Publié le par Rosalie210

Buster Keaton et Edward F Cline (1921)

Malec chez les fantômes (The Haunted house)

Ce court-métrage de Buster Keaton est un peu disparate avec une première partie tournée vers le passé et une deuxième, vers l'avenir. En effet, la première partie assez statique repose sur un gag quasi-unique repris du premier court-métrage tourné par Keaton avec Roscoe ARBUCKLE, "The Butcher Boy (1917)". Il s'agit de la colle répandue sur l'argent et les vêtements et de l'eau bouillante utilisée pour les décoller.

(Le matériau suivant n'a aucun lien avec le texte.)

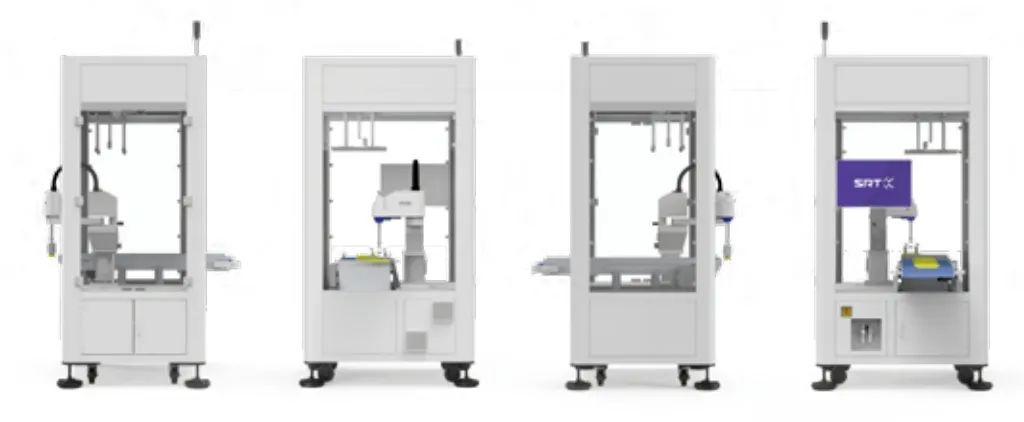 在車間部署方面,SRT移載機(jī)器人應(yīng)用平臺(tái)整機(jī)占用的場(chǎng)地只有3*4.5m,其中各單機(jī)進(jìn)行了標(biāo)準(zhǔn)化設(shè)計(jì),結(jié)構(gòu)小巧,可以根據(jù)實(shí)際生產(chǎn)工藝需要,進(jìn)行多種組合后擺放在適合的工位,完成自動(dòng)化生產(chǎn)線的布置,從而滿足各種大批量生產(chǎn)的需要。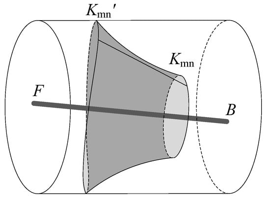 For the position between laser beam KmnKmn’ and rotary axis FB, when KmnKmn’ is perpendicular to FB, the angle γm between KmnKmn’ and the Os-xy plane is equal to zero, so the swept surface formed by laser beams is a circular plane that is perpendicular to FB. When γm ≠ 0, and the vertical distance dm between KmnKmn’ and FB is equal to zero, the swept surface is a cone, and FB is the directrix of the cone. When γm ≠ 0, and dm ≠ 0, the swept surface is an irregular conical surface, as shown in Figure 6, the generatrix of the conical surface is a curve at the top Kmn, and a straight line near the bottom Kmn’.

L'ampleur du décor qui manque à Keaton pour déployer son corps dans l'espace est résolue dans la deuxième partie. Celle-ci repose en effet sur une réjouissante chorégraphie dans une maison "hantée", en réalité remplie de pièges et de mécanismes qui préfigurent ceux de "The Electric House (1922)". L'escalier-toboggan qui dans le rêve de Keaton se transforme en échelle de Jacob puis en escalier en colimaçon lorsqu'il dégringole en enfer est une trouvaille désopilante. Au sein de cette deuxième partie se niche un gag surréaliste qui fait penser aux trucages de Georges MÉLIÈS: deux squelettes assemblent un homme morceau par morceau. Lorsqu'il est complet, il prend vie et se met à marcher. Cette image du puzzle convient tout à fait pour définir un film forcément inégal à cause de son manque d'unité foncière.